The next few days passed normally but after a week or so, John became depressed because Mary Jane had not answered his letter. He became quite sick because he didn't eat properly and his general condition started to worry me a little in case he did something desperate.

Finally, I confronted John with the fact that it was me who had written the letter while on leave in Tokyo recently. He refused to believe me, saying I was simply making it up so as to gently let him down. Then I started quoting details about this girl that he hadn't disclosed, in an effort to convince him that I spoke truthfully, to which he suddenly responded by accusing me of reading his mail. All hell broke loose, John came at me like a wounded tiger, with such venom in his voice that the ensuing argument was broken up by our Sergeant who immediately paraded us both before the Regimental Sergeant Major accused of fighting and disturbing the peace and acting in a manner detrimental to good military conduct.
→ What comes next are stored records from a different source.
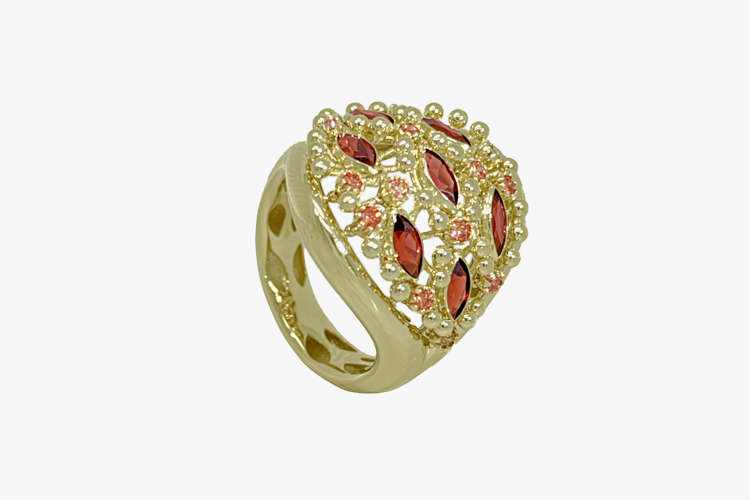 Prsten luksuznog izgleda izrađen da bude volumenski praktičan i nosiv sa Granat i Shampagne cubik cirkoniom koja ga krasi na kruni.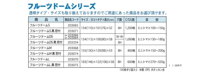 フルーツドームS、フルーツドームDS、フルーツドームM、フルーツドームL、透明タイプ・サイズも多くなって幅広い選択肢からベストな商品を選んでいただけます。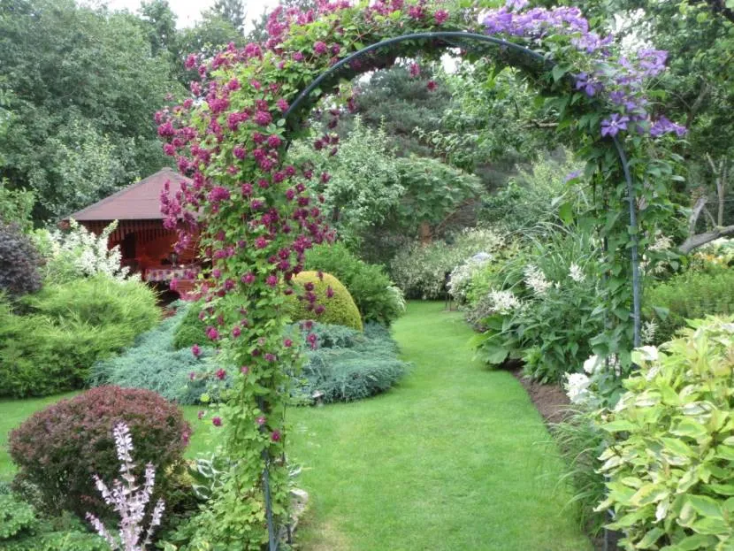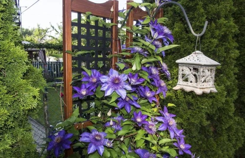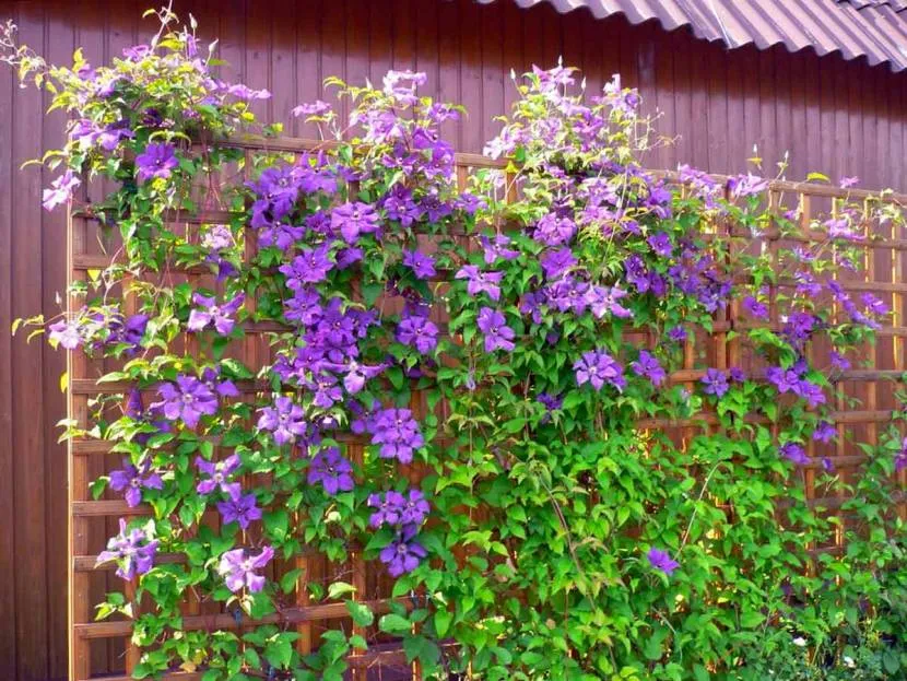 Клематисы часто называют королями лиан из-за их формы и богатства цветов. Их бархатистые и мерцающие звездчатые цветы густо покрывают длинные, сильно облиственные побеги.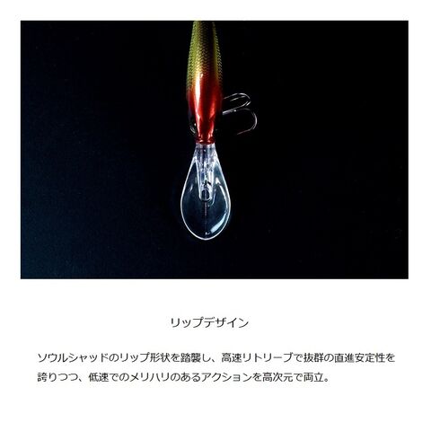 ソウルシャッドのリップ形状を踏襲し、高速リトリーブで抜群の直進安定性を誇りつつ、低速でのメリハリのあるアクションを高次元で両立。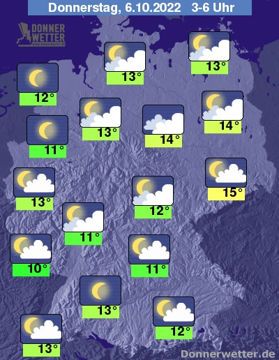 In der Nacht zum Donnerstag ziehen zeitweise dichte Wolken durch, sonst ist es aber auch oft nur gering bis aufgelockert bewölkt. Es bleibt weitgehend trocken bei Tiefstwerten von 15 Grad in Dresden und 10 Grad in Saarbrücken.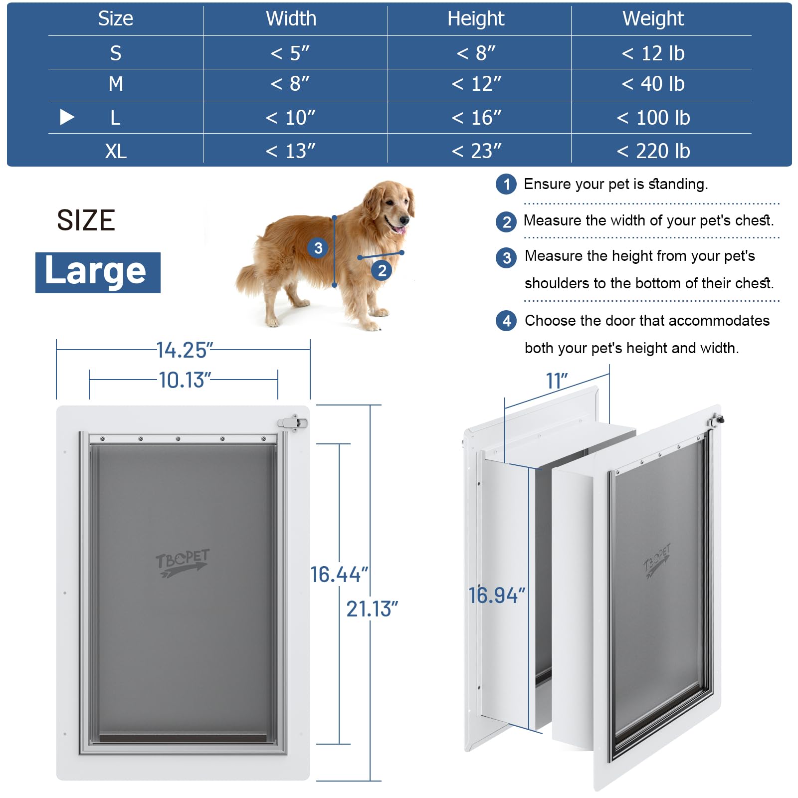 Dimension and Telescoping Tunnel: TBCPET large-sized dog door features an adjustable tunnel, perfect for walls that are 4.13 to 7.87 inches thick. The flap opening measures 10.37 x 17.22 inches. Please carefully review the size chart to confirm if the size is suitable before purchasing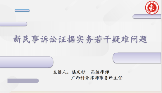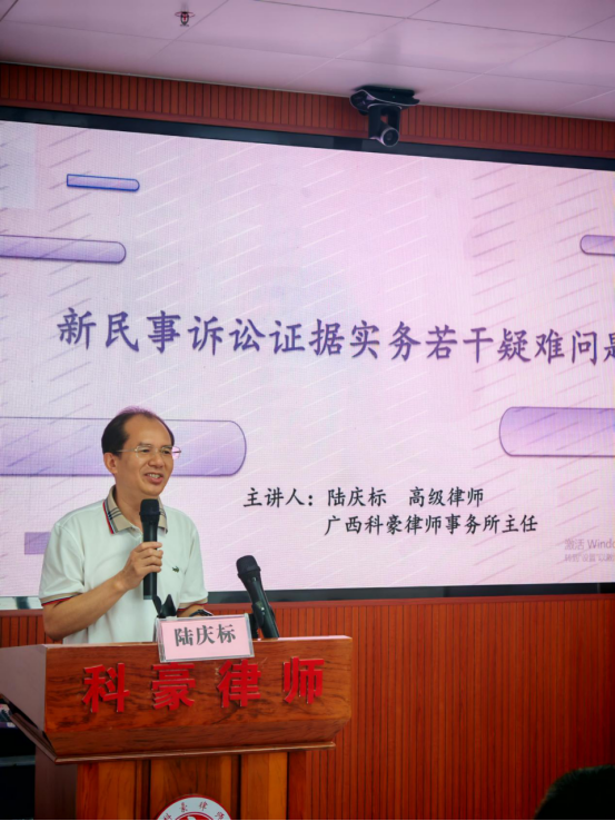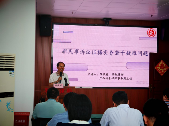 为进一步提升律师职业技能,强化实务能力,南宁市律师协会于2024年6月23日在南宁市律师继续教育培训基地广西科豪律师事务所成功举办《新民事诉讼证据实务若干疑难问题》专题培训,本次培训主讲人是广西科豪律师事务所主任、高级律师陆庆标,现为广西科技大学兼职教授、中共南宁市律师行业党委委员、南宁市律师协会副会长。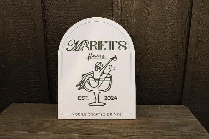 The sign shown is an example of one we created for a mobile bar business.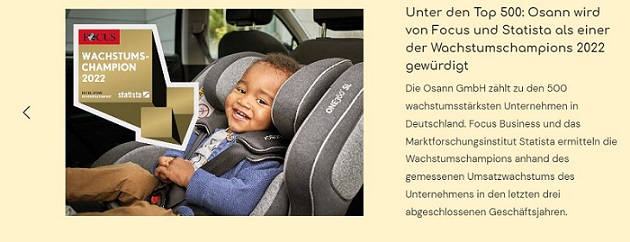 Mit seinen innovativen und hochwertigen Produkten hat das Unternehmen bereits einige Preise gewonnen. So wurde Osann 2022 für sein Kombi-Kinderwagenmodell „Olé“ mit dem „German Design Award“ geehrt. Außerdem gehört das Unternehmen laut Focus Business und dem Marktforschungsinstitut Statista zu den „Wachstumschampions 2022“ und ist damit eines der 500 Unternehmen mit dem größten Umsatzwachstum in den letzten 3 Jahren.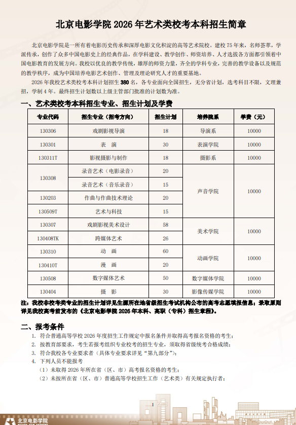 2026招生簡(jiǎn)章北影藝術(shù)類本科招生簡(jiǎn)章

In front of all and sundry, I had to confess to my dastardly act of cruelty to John and offer him an unconditional apology for my part in this practical joke. I also had to promise to never ever ("If you come before me again, etc etc") engage in such acts of cruelty against my fellow soldiers. This I did and as we walked out of the RSM's quarters, John and I shook hands and I again promised him to be more humane in my choice of practical joke. The incident also cured John of his romantic endeavors with pen friends. I hope he went on in civvy life to meet the girl (or girls) of his dreams, as most of us have done, (eventually!!!)